Addiction Recovery Step 1: Powerlessness
- Zach Moore
- May 26, 2025
- 3 min read
There is a reason that Step 1 is powerlessness. For a number of years I tried to beat addiction on my own. In the morning I would say to myself, "Last night was the last night." For the first 4-5 hours of the day I would remain "strong" against the addiction. By mid-day I would be back to the liquor store to buy alcohol again. The number of hours I "held firm" against alcohol continued to grow shorter and shorter over the years until there was hardly any time of the day when I was sober.
This false sense of power against addiction is what led to my destruction over the years. The idea that I had any power over alcohol was the catalyst for keeping me in addiction.
On October 2, 2020 I called off work. Allie went to work and the kids went to her parents. By 11:00am I was drunk. By the time Allie got home I could barely form a sentence. After years of being "in control" of my addiction I finally just remember telling Allie, "I need to get help."
For years I had told her i would get help or that I was getting help. That charade went on and I never REALLY got help. I would go to AA meetings and sometimes I'd go in. Sometimes I'd drink in the parking lot while Life 360 showed I was at a meeting. I did outpatient rehab. Sometimes I'd go. Sometimes I'd sit in the parking lot drinking.
On October 2 when I said I needed help - I really meant it. I finally realized that I had absolutely no power over alcohol. I called a pastor friend of mine who, in my opinion, God used to save my life and my marriage. I cried over the phone with him and he sent me a friends number who worked at a rehab facility. I called this complete stranger and could barely say words as I cried. Admitting powerlessness was one of the most defeating experiences of my life.
There is more to the story but, in short, the reason i bring up powerlessness is because I, like many others didn't udnerstand what Powerlessness meant. Powerlessness seemed weak. Powerlessness seemed like a cop out, as though I was avoiding responsibility. Step 1 in the alcoholics anonymous program reads:
"We admitted we were powerless over alcohol — that our lives had become unmanageable."
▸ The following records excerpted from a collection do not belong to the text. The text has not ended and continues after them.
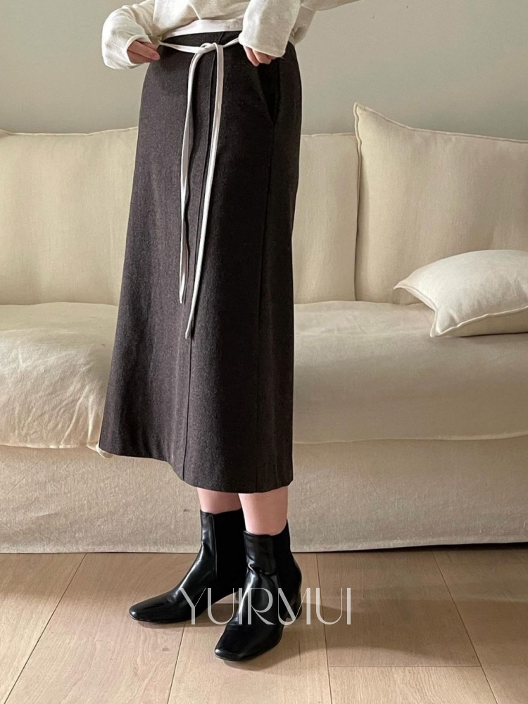 bronze 브론즈 울 배색 스트링 A라인 롱 스커트 2color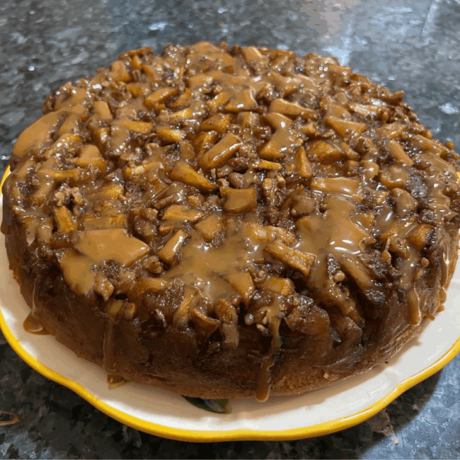This easy Apple Upside-Down Cake starts with a white cake mix and bakes up beautifully in a cast iron skillet or a regular pan. Warm, caramelized, and delicious!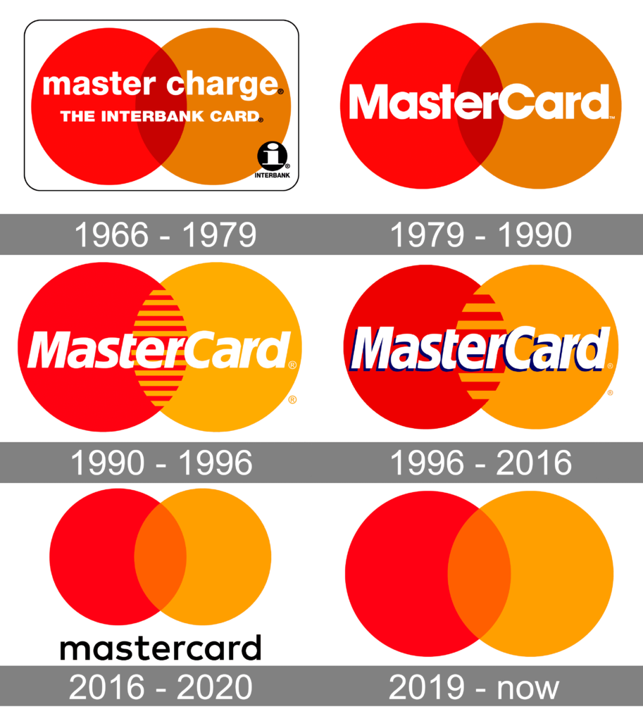 A timeline featuring the evolution of Mastercard’s logo across the decades.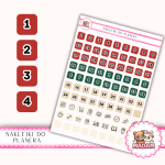 Naklejki do planera Dni Miesiąca i Ikony 13×18 – Świąteczny Mix Kolorów – MaDam Creative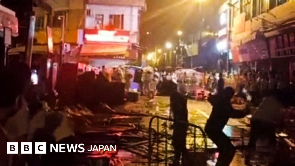 ネットに投稿された映像では、白い防護服を着た警官らが盾を手に、抗議者が投げつけるがれきやガラスから身を守っている。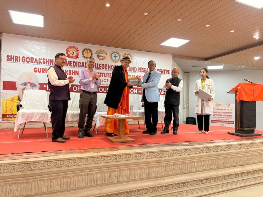 गोरखपुर।महायोगी गोरखनाथ विश्वविद्यालय, गोरखपुर के अधीन गुरु गोरक्षनाथ इंस्टीट्यूट ऑफ मेडिकल साइंसेज, आयुर्वेद में भारतीय ज्ञान परंपरा (IKS) केन्द्र पर “स्वास्थ्य देखभाल पर धार्मिक विश्वासों का प्रभाव” विषय पर व्याख्यान का आयोजन किया गया।कार्यक्रम के मुख्य अतिथि पीएचडी डिप्लोमेट, अमेरिकन बोर्ड ऑफ फ़ॉरेंसिक मेडिसिन प्रोफ़ेसर, मेडिसिन विभाग,वरिष्ठ वैज्ञानिक, फार्माकोलॉजिस्ट, यू.एस.फ़ूड एंड ड्रग एडमिनिस्ट्रेशन डॉ. रमा एस. द्विवेदी ने चर्चा करते हुए आइंस्टीन द्वारा 1930 में प्रकाशित “रिलिजन एण्ड साइंस” का संदर्भ दिया।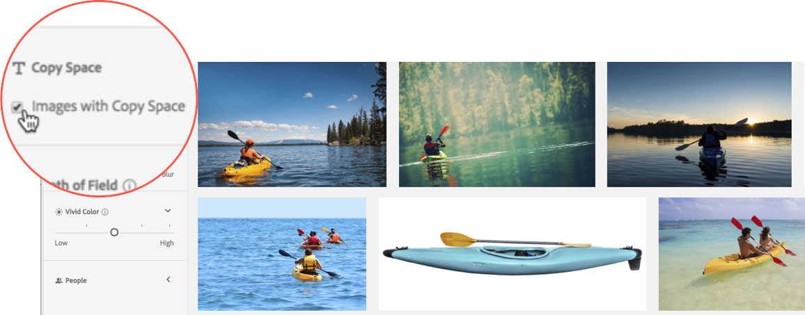 Using the Copy Space content filter, you can further alter your search by specifying whether the assets you need require room for other design elements, such as text, logos or or other images.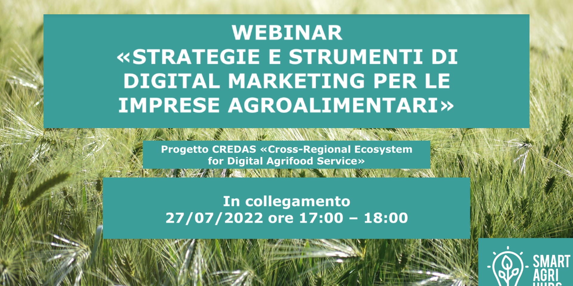 PARCO AGROALIMENTARE FVG – AGRI-FOOD & BIOECONOMY CLUSTER AGENCY s.c.a r.l., insieme al partner Associazione Clust-ER Agroalimentare (Emilia-Romagna), nell’ambito del progetto CREDAS “Cross-Regional Ecosystem for Digital Agrifood Service”, ha organizzato un webinar su “Strategie e strumenti di digital marketing per le imprese agroalimentari“.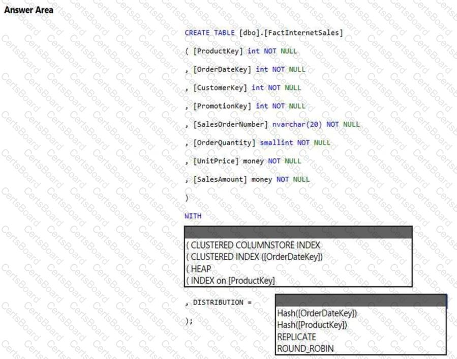 You need to create a table named FactInternetSales that will be a large fact table in a dimensional model. FactInternetSales will contain 100 million rows and two columns named SalesAmount and OrderQuantity. Queries executed on FactInternetSales will aggregate the values in SalesAmount and OrderQuantity from the last year for a specific product. The solution must minimize the data size and query execution time.

Alcoholism, like any addiction, is a symptom...not the problem. The problem, for me, was deep rooted in childhood issues. That conversation is for another time. BUT the primary problem, for me, is the way that I dealt with guilt. I continually turned guilt into shame.
Guilt is the fact that I have done something wrong and feeling remorse for it.
Shame is having a low self-worth as a result of my guilt (or even just as a result of my life in general).
I easily looked at the wrong I have done and equated it to low self-worth. This shame cycle kept me from the key component of human existence. Repentance.
Repentance, acknowledgement of guilt, breaks the shame cycle because repentance is restorative. Repentance restores relationships.
When we admit we are powerless over alcohol (or sugar or drugs or social media, etc.,) we are admitting our guilt. Our lives are unmanageable on our own.
And when we admit powerlessness, we inevitably, defer to a higher power in being our guide and hope. When we admit powerlessness we change from looking inward for the answer to our problems - to looking outward. We look beyond ourselves and finally start to actually see God.
For many years, in addiction, I loved to theologize about God but I never did anything with the information. In reality, I made myself my own God who was the arbiter of truth.
In admitting I was powerless and my life was unmanageable - I finally looked outward to the God of the universe. I finally started looking to others for help - in a sense of community. In short, I finally started living life as it is intended to be lived.
The whole of the Christian life can be summed up in one word. Repentance. Repentance is an acknowledgement of powerlessness and, without repentance, our lives become unmanageable.
I pray for all of us, addicts or not, to seek repentance today. To get out of our shame cycles and seek restoration in relationship...with God and with others.